Not that new is always good. As the mother of two grown daughters, Angelina and Angelique, one particularly wrenching memory stands out in Banh’s mind from her chaplaincy internship.
“You never think you will have to bury your children, but I met with a woman whose daughter passed away on Mother’s Day,” Banh said. “I tried to hold back the tears, but she was crying. I sat and talked with her for a long time just to console her and do whatever I could.”
Banh has endured her own sorrows, which include Steve’s unexpected death in 2017. Even so, that loss carries with it the joy of seeing him become a Catholic in the last years of his life. Not only had he accompanied her to Mass and those Catholic sites, but Banh perceived her husband was drawing closer to the Lord through his mother.
“He established a connection with Mother Mary and loved her deeply,” she said. “My husband wore a Miraculous Medal. Slowly but surely, she helped soften his heart and interceded for his conversion.”
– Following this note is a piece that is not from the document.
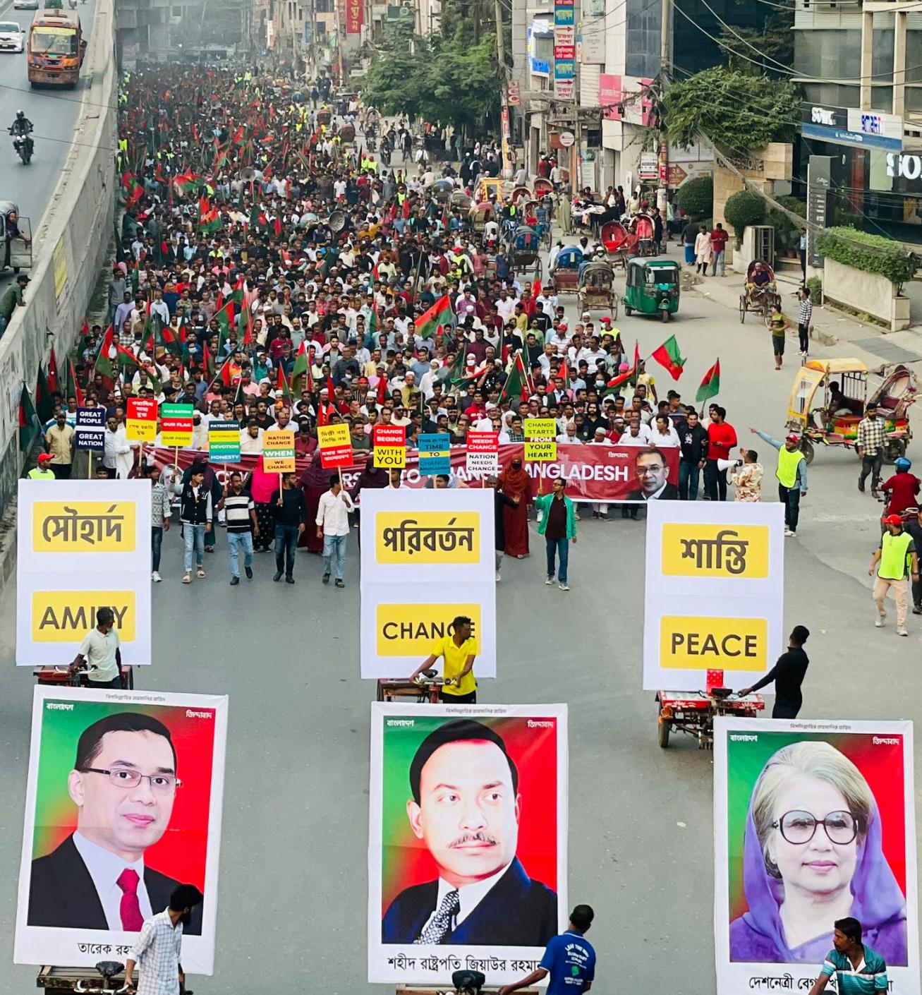 ঢাকা মহানগর উত্তর বিএনপির সাবেক সহ সাধারণ সম্পাদক হাফিজুর রহমান সাগীরের নেতৃত্বে বিএনপি, ঢাকা মহানগর উত্তর স্বেচ্ছাসেবক দলের সহ-সভাপতি ও উত্তরা পশ্চিম থানা স্বেচ্ছাসেবক দলের সভাপতি মোস্তফা কামাল হৃদয়ের নেতৃত্বে স্বেচ্ছাসেবক দল, ঢাকা মহানগর উত্তর ছাত্রদলের সদ্য সাবেক সভাপতি মেহেদী হাসান রুয়েলের নেতৃত্বে যুবদল এবং ঢাকা মহানগর উত্তর ছাত্রদলের সিনিয়র সহ-সভাপতি রবিউল আওয়াল ভূঁইয়া রবির নেতৃত্বে ছাত্রদলের নেতাকর্মীরা সৌহার্দ্য, পরিবর্তন ও শান্তির বার্তা নিয়ে মিছিলে অংশ নেন।

After Steve became Catholic, Banh said she saw his heart expand with generosity, which included a new openness to charity work and a subtly evangelistic spirit. “He would help the poor by offering donations and would lend a hand for various tasks,” she said. “Additionally, he would encourage his coworkers and family members to learn more about Catholicism. Eventually, his brother, James, converted as well.”
Steve passed away one morning on his way to work, and while the suddenness of his death prevented him from receiving anointing or viaticum, “Once our family got to his location, we prayed the rosary together,” Banh said. “It took many years for his conversion; however, with God all things are possible. We just have to trust in the Lord and go by his timing, not ours. I am very grateful.”